- (Photo: Reuters)
The House of Representatives will vote Friday on whether or not it will extend the College Cost Reduction and Access Act which was passed in 2007, and fixes loan rates at 3.4 percent.
If Congress fails to extend the 2007 act, student borrowers could face interest rates that are double the current rates being offered. It is important to note, however, that not all student borrowers will be affected by the change.
If the act is not extended, outstanding loans will not be affected. Student who will be affected by the vote are those who are applying for new loans and considering taking out a federal Subsidized Stafford loan- other federal loans will not be affected.
Subsidized Stafford loans are typically made available to those students whose families fall into a lower income bracket. Students attempting to attend a more expensive university which places a large gap between their parent's income and the cost of tuition may also qualify.
According to President Obama, the increased interest rate on the loans would equate to the total of an additional $1,000 a year and could affect over 7 million students.
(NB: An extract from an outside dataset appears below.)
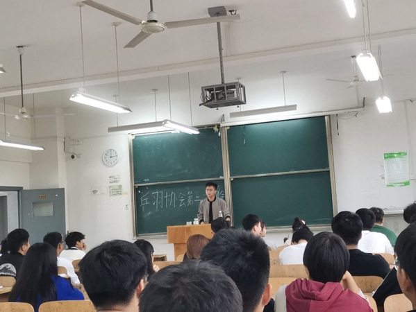 例会开始前,监察部进行了考勤的检查,19点10分例会正式开始。首先由会长刘加隆讲解“乒羽”协会近期以来存在的问题,以及针对这些问题提出了自己的看法和建议。其次,会长还谈了自己对于“乒羽”协会未来的整体规划,并谈到将会努力把“乒羽”协会管理的更好。紧接着,会长让各个部门的部长与副部长上台轮流发言,谈谈自己部门的问题以及对部门的看法和建议。

Jason Delisle of the New American foundation, which focuses on next wave policy issues, said during an NPR interview that the amount is actually quite small when considered on a month to month basis. He suggested that the extension of the act was a "poorly targeted subsidy" because it translates to only $9 a month.
Delisle also suggested that the conversations surrounding the renewal of the act were "irresponsible" because the extension would only last for one year and would cost the government $6 billion.
As part of his campaign however, Obama has recently been trying to reach out to America's youth. His stance on student loans could drastically affect the impression that he makes on those concerned with student debt.